The Cons of Being a Chief Technology Officer
Being a CTO is a more complex task than that of any other top level executive. Exploring the cons is much more interesting than exploring the positive aspects, and it is important to look at the downsides as a basis for comparing these with the positive aspects of the role.
What Is a CTO in Your company?
The CTO role follows a recipe very close to that of most Cajun cooking: you can put everything but the kitchen sink into your dish – anything you have in the kitchen – and every guest will be happy with your food.
In the same manner, your role as a CTO can cover any gap in your company’s situation: teams, the relationships between other CxOs, or the customer base, as you know and plan in advance all the necessary steps for the company to deliver its range of products and/or services.
We have written many stories about the many personalities a CTO needs to include in their identity. The principal ways of working in this role are discussed in a previous article published in our magazine.
There are 4 different types of CTO: the Big Thinker, the Visionary, the Customer Champion, and The General-Tech CTO, but the truth is that a CTO always needs to be a linear combination of all four types, changing the mix in response to changes in their environment.
Your Boss is Probably the CFO
As a CTO, you are normally parallel with the CIO and the CFO. The organisational chart gives you a clear indication that the CEO is your boss. This is fundamentally true, but you will normally have a second boss who is even more important.
Your future success depends primarily on how you cope with the company’s strategy while being the glue that holds all the parts together. Coping with strategy means having privileged access to the company’s money, managed by the chief financial officer. As a result, your CFO is in many ways a more important boss than your CEO.
Having two bosses is a complication, so it belongs on the ‘cons’ list! Yet, you can still make it if you are – or learn to be – a good strategic thinker.
CTO Is a Role that Evolves with Time
The CTO job changes continuously, in response to circumstance. Often, these changes involve situations that were previously unknown and need competing resources.
As a technology-driven executive, you may not have a technical background, but you have to understand where the processes you oversee are driving your company.
The size of your company is the most important thing in determining what competencies you need. The CTO of a small startup needs to take care of a million different things every day, like all the other Cx-somethings in this sort of company, which normally starts with just a few people who are, in fact, their own executive team.
High Risk of Meltdown
The CTO role requires you to solve many challenges every day. A Chief Technology Officer needs to be consistently on call for minute-by-minute operations, last-minute requests from everybody, and continual adjustments to the company’s strategic framework. That’s why stress-related syndromes can arise at any moment, and probably will.
Your best hope is that they will show up one at a time, and not all at once. Should that happen, you will probably experience the most common problem among successful CTOs: mental breakdown.
What is a meltdown and how does it affect your planning and decision-making capabilities?
The expression ‘nervous’ or ‘mental breakdown’ is used to describe a period of intense mental distress.

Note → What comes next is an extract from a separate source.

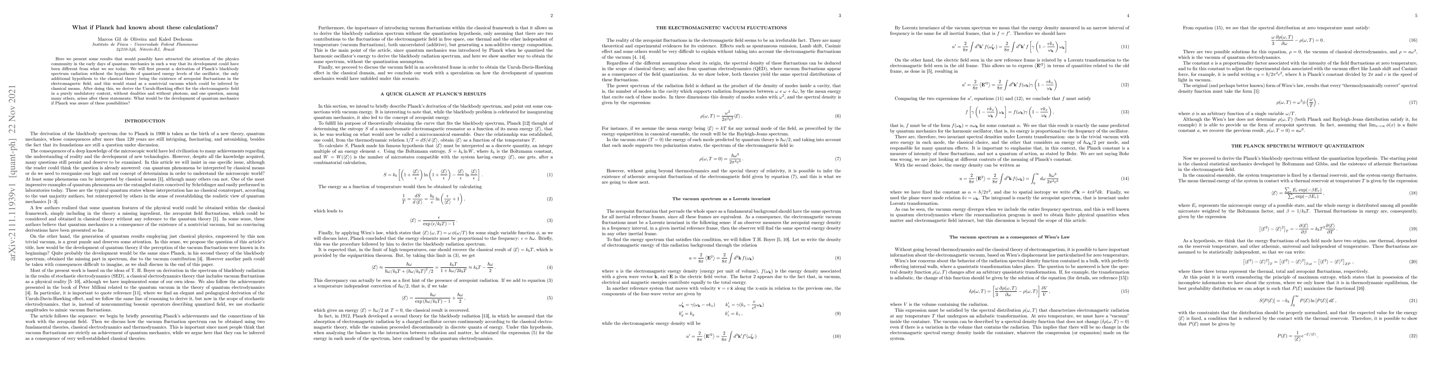 Here we present some results that would possibly have attracted the attention of the physics community in the early days of quantum mechanics in such a way that its development could have been different from what we see today. We will first present a derivation of Planck's blackbody spectrum radiation without the hypothesis of quantized energy levels of the oscillator, the only additional hypothesis to the classical theory being the existence of zeropoint fluctuations in the electromagnetic field, and this would stand as a nontrivial vacuum which could be inferred by classical means. After doing this, we derive the Unruh-Hawking effect for the electromagnetic field in a purely undulatory context, without dualities and without photons, and one question, among many others, arises after these statements: What would be the development of quantum mechanics if Planck was aware of these possibilities?

During this period, you’re unable to function as you normally would in your everyday life, a condition a CTO should never experience.
Acute stress disorders quickly lead to depression, anxiety, and a general inability to cope with challenges. Stress creeps up through normal CTO activities, and there are often obvious warning signs, such as the lack of a clear roadmap and an inability to say no.
Clearly, if you find yourself in this condition, you are unable to function as a CTO.
High Risk of Resignation
As new Chief Technical Officer of a company, you are very powerful, which is one of the pros of such a position. It is a highly sought-after role among the ambitious, so available CTO positions are rare. You hold many strings in your hands: this makes you powerful, but also increases your risk.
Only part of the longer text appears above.